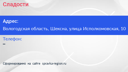 Сладости по адресу Вологодская область, Шексна, улица Исполкомовская, 10 в дальнейшем Организация, размещена в следующих категориях:
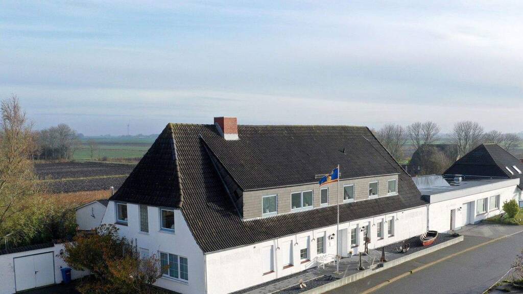 Das Haus bietet viele Möglichkeiten der Nutzung und hat eine lange Tradition auf Nordstrand. Ein Mehrgenerationenhaus mit 3-4 großen Wohnungen, bis zu 6 Ferienwohnungen oder Wohnhaus mit Gewerbeanteil (das flache Gebäude rechts neben dem Hauptgebäude gehört dazu)(Werkstatt, Büro, Praxis, Garage für bis zu 7 Fahrzeugen) ist möglich. Die Wohnfläche könnte bis auf ca. 680 m² erweitert werden. Die untere Etage wurde 2018 saniert, inkl. neuer Fenster, Türen, Bodenbeläge, Elektrik und Heizungsanlage. Die obere Etage (ca. 150 m²) besteht aus ehemaligen Gästezimmern und muss noch renoviert werden. Da es sich um Trockenbauwände handelt, kann dieser Bereich noch frei gestaltet werden.
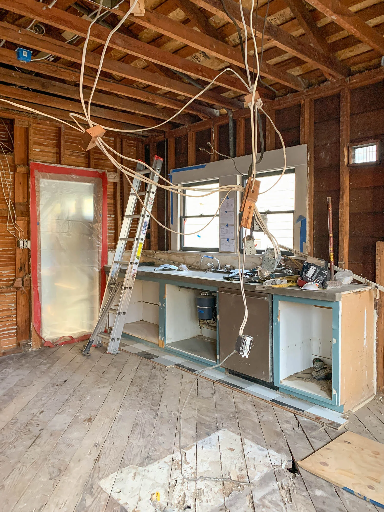 It’s worth noting that the demolition in our kitchen has been much more involved than what we may often see on HGTV. You may have seen TV clips of a contractor kicking their foot through the wall, or a couple taking a swing at a cabinet and taking the whole thing down in a second. That’s not the case here. Our kitchen is made up of the original plaster and lath construction. It’s hard, heavy, solid plaster - much like concrete, and then thousands of strips of wood nailed to the studs. This isn’t something you can just kick your foot through and pry off with your hands in a couple of minutes. The team of 3-5 guys has spent days pulling all of the walls down. Imagine if I did that all by myself - it would have taken me months. Oof. In addition, we’re replacing all of the plumbing with new stuff so they’re tearing out the big, heavy, cast iron, and they’re ripping out the old electrical. This isn’t just a quick remodel!

* **Task requirements**
Copy nothing but the lines from the top of the data down to the line containing "Das Haus bietet", and leave the pictures out.

* **Worked solution**
 Сладости по адресу Вологодская область, Шексна, улица Исполкомовская, 10 в дальнейшем Организация, размещена в следующих категориях:
 Das Haus bietet viele Möglichkeiten der Nutzung und hat eine lange Tradition auf Nordstrand. Ein Mehrgenerationenhaus mit 3-4 großen Wohnungen, bis zu 6 Ferienwohnungen oder Wohnhaus mit Gewerbeanteil (das flache Gebäude rechts neben dem Hauptgebäude gehört dazu)(Werkstatt, Büro, Praxis, Garage für bis zu 7 Fahrzeugen) ist möglich. Die Wohnfläche könnte bis auf ca. 680 m² erweitert werden. Die untere Etage wurde 2018 saniert, inkl. neuer Fenster, Türen, Bodenbeläge, Elektrik und Heizungsanlage. Die obere Etage (ca. 150 m²) besteht aus ehemaligen Gästezimmern und muss noch renoviert werden. Da es sich um Trockenbauwände handelt, kann dieser Bereich noch frei gestaltet werden.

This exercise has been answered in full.